2. The apparatus according to claim 1, wherein, The inner surface of the housing is configured to focus the shock wave onto a predetermined location on the surface of the eye or a predetermined location below the surface of the eye.

3. The apparatus of claim 1 or 2, further comprising a reflector disposed within the housing and configured to focus the shock wave onto a predetermined location on the surface of the eye or a predetermined location below the surface of the eye.

4. The apparatus of claim 1 or 2, further comprising one or more wires coupled to the first electrode or the second electrode and configured to provide energy to the first electrode or the second electrode.

5. The apparatus according to claim 1 or 2, wherein, The first electrode and the second electrode include a first end of a first wire and a second end of a second wire.

6. The apparatus according to claim 1 or 2, wherein, The fluid includes salt water or water.

7. The apparatus according to claim 1 or 2, wherein, The first and second electrodes are coated with graphene to reduce corrosion during the use of shock waves.

8. The apparatus according to claim 1 or 2, wherein, The shell is elliptical.

9. The apparatus according to claim 1 or 2, wherein, The housing also includes a fluid-filled waveguide disposed between the fluid-filled chamber and the eye contact surface and configured to be fluidly connected to the fluid-filled chamber and the eye contact surface.

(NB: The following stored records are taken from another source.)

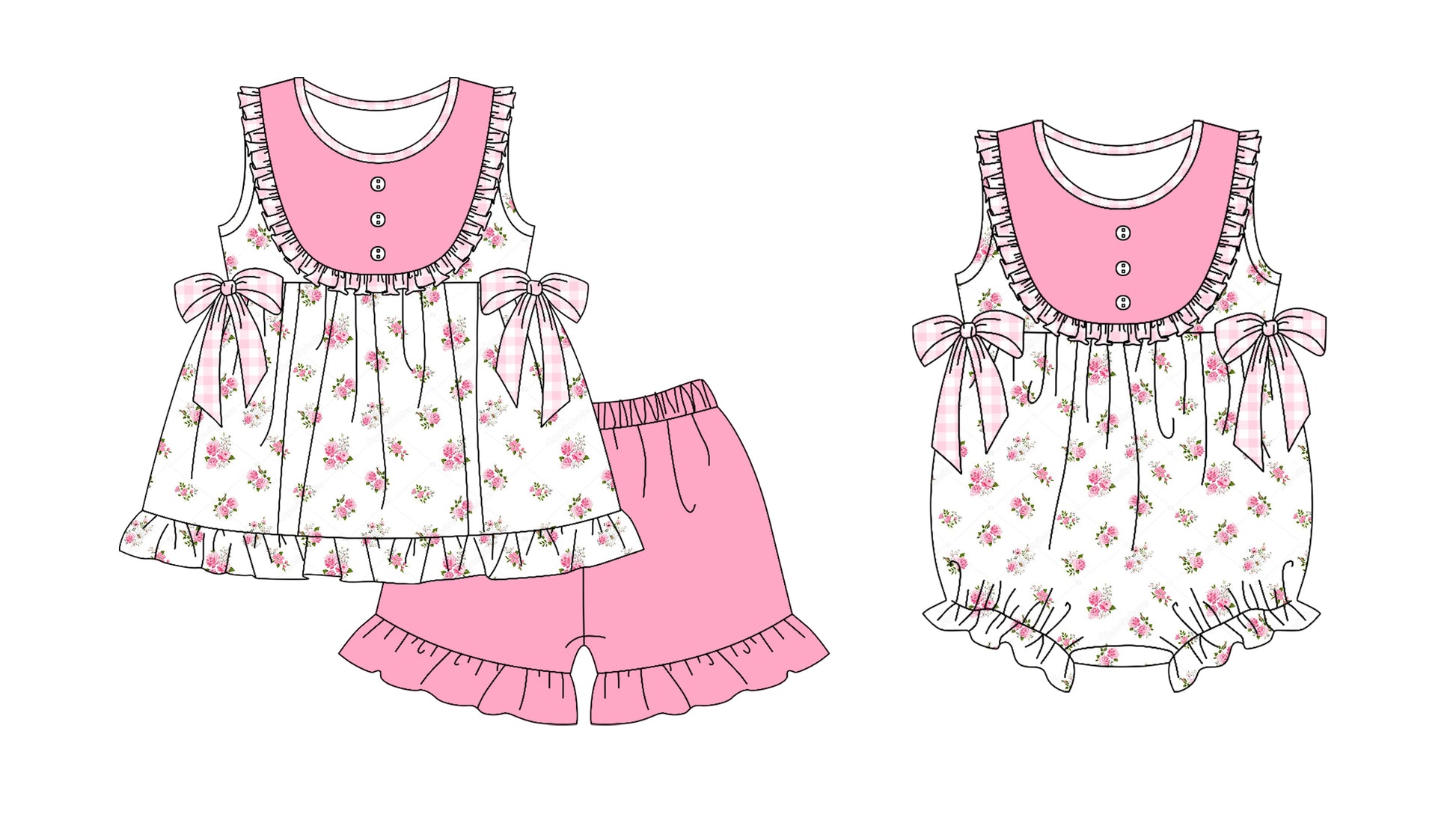 Baby Girl Floral Bows Sibling Summer Romper Set ( Moq 5 Each Design )
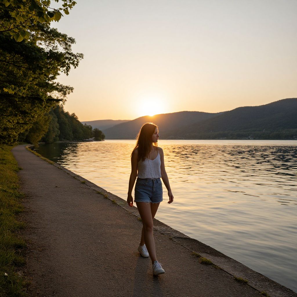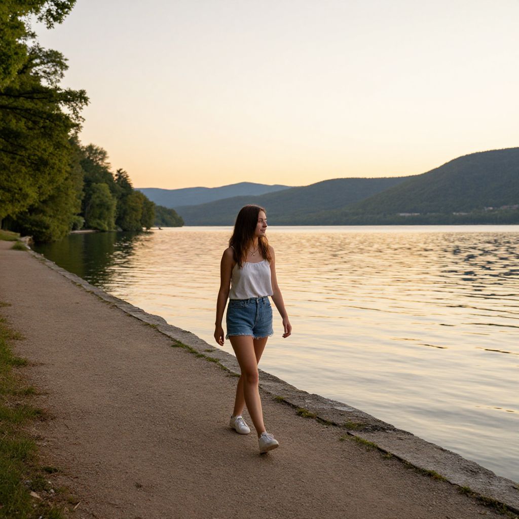 Photograph of a young woman with long brown hair, wearing a white tank top and denim shorts, walking along a lakeside path at sunset, with
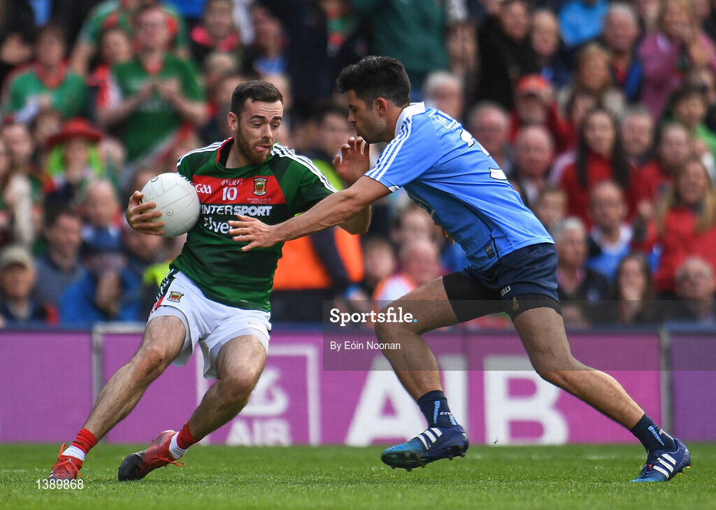 17 September 2017; Kevin McLoughlin of Mayo in action against Cian O'Sullivan of Dublin during the GAA Football All-Ireland Senior Championship Final match between Dublin and Mayo at Croke Park in Dublin. Photo by Eóin Noonan/Sportsfile
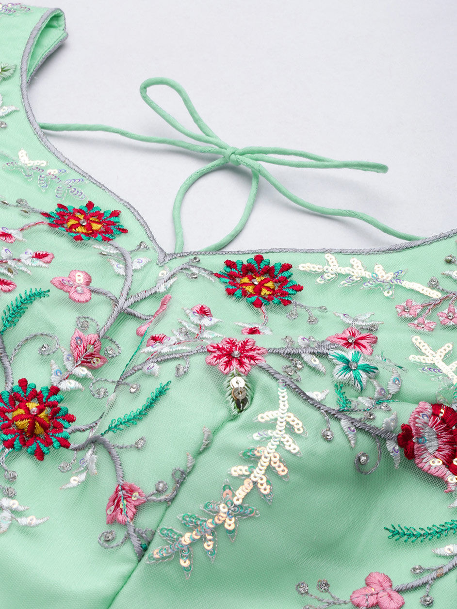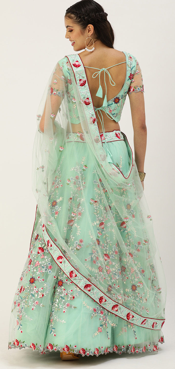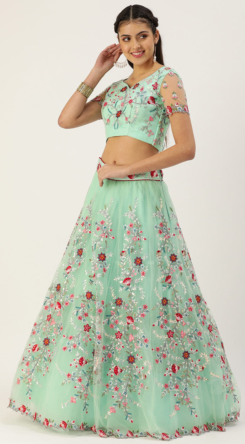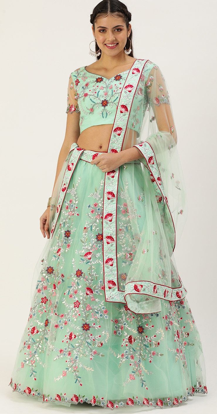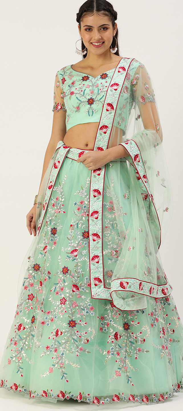 Green color Lehenga in Net fabric with Embroidered, Sequence work
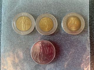 Vendo quattro monete da 200 lire commemorative - Esposizione di filatelia e tematica 1992 - 70° Aeronautica militare Italiana 1993 - Arma dei Carabinieri 1994 - Centenario dell'accademia di Guardia di Finanza 1996

10. The apparatus of claim 1 or 2, further comprising an acoustic lens disposed within the housing and configured to focus the shock wave onto one or more predetermined locations on the surface of the eye or below the surface of the eye.

11. The apparatus according to claim 1, wherein, The conductivity sensor includes a pair of platinum electrodes.

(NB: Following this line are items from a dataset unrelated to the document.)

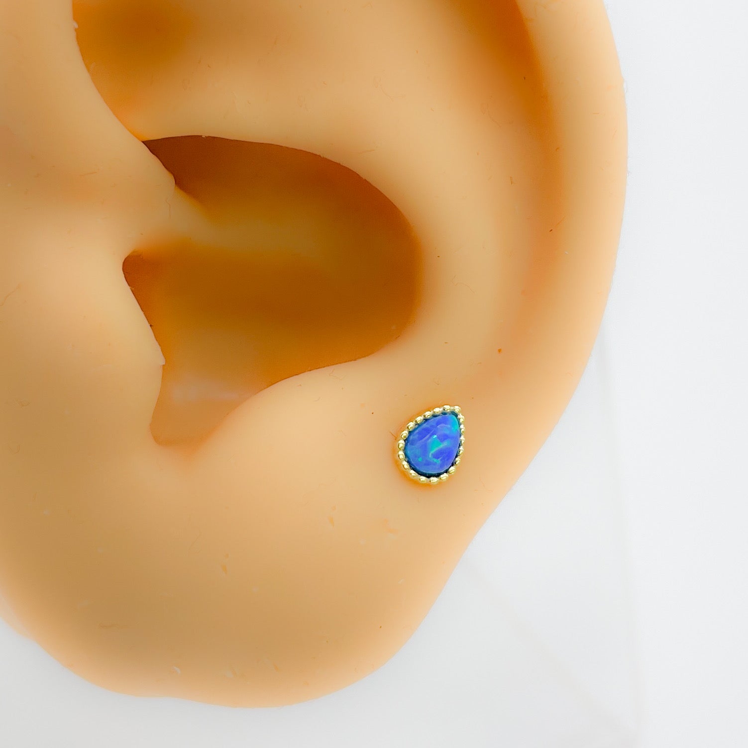 Helix-Piercing mit Tropfenförmigem Blauem Stein – 925er Silber, vergoldet
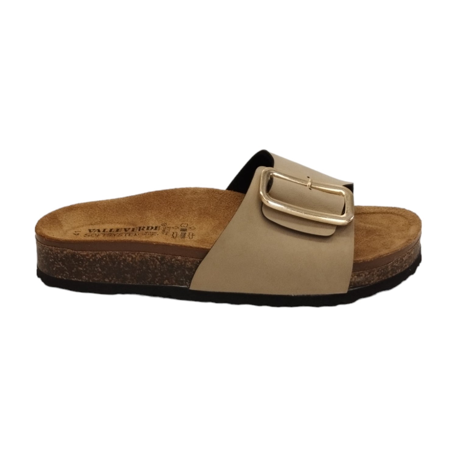 La Ciabatta firmata Valleverde, super confortevole dotato di suola in sughero e caratterizzato da una fascia larga con fibbia regolabile dorata è realizzata in ecopelle, leggera e traspirante, si contraddistingue per un alto livello di ammortizzazione, grazie al sistema sofstistem.
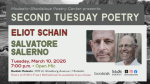 Join the regulars at Bookish Modesto as we welcome Eliot Schain of Berkeley and Modesto Poet Laureate Emeritus Salvatore Salerno as our featured poets. Date: Tuesday, March 10, 2026Time: 7:00 pm PSTWhere: Bookish Modesto, 811 W. Roseburg Ave, in the Roseburg Square shopping center Open mic following featured poets (3 min per poet); sign up …

12. The apparatus of claim 1 or 2, wherein the apparatus includes a light source disposed at least partially within the fluid-filled chamber and configured to emit light toward the surface of the eye.

13. A system for treating an eye, the system comprising: The apparatus according to any one of claims 1 to 12; as well as An energy source is operatively connected to the first electrode and the second electrode via one or more wires.

14. The system according to claim 13, wherein, The first electrode is connected to the positive terminal of the energy source and the second electrode is connected to the negative terminal of the energy source.

15. The system according to claim 13 or 14, wherein, The energy source includes a high-voltage pulse generator.

16. The system of claim 13 or 14, further comprising a current sensor coupled to the first electrode or the second electrode, the current sensor being configured to determine the current level flowing to the first electrode or the second electrode.

17. The system of claim 13 or 14, further comprising a conductivity sensor fluidly coupled to the fluid outlet and configured to measure the conductivity of the fluid as the fluid flows out of the fluid outlet.

18. The system of claim 13 or 14, further comprising a fluid recirculation system fluidly connected to the fluid outlet and the fluid inlet and configured to recirculate fluid from the fluid-filled chamber and remove cavitation bubbles from the fluid.

19. The system of claim 13 or 14, further comprising a storage device disposed on or below the eye contact surface.

20. The system according to claim 19, wherein, The storage container contains oxygen.

21. The system according to claim 19, wherein, The storage device contains riboflavin.

22. The system according to claim 19, wherein, The storage device contains a therapeutic agent.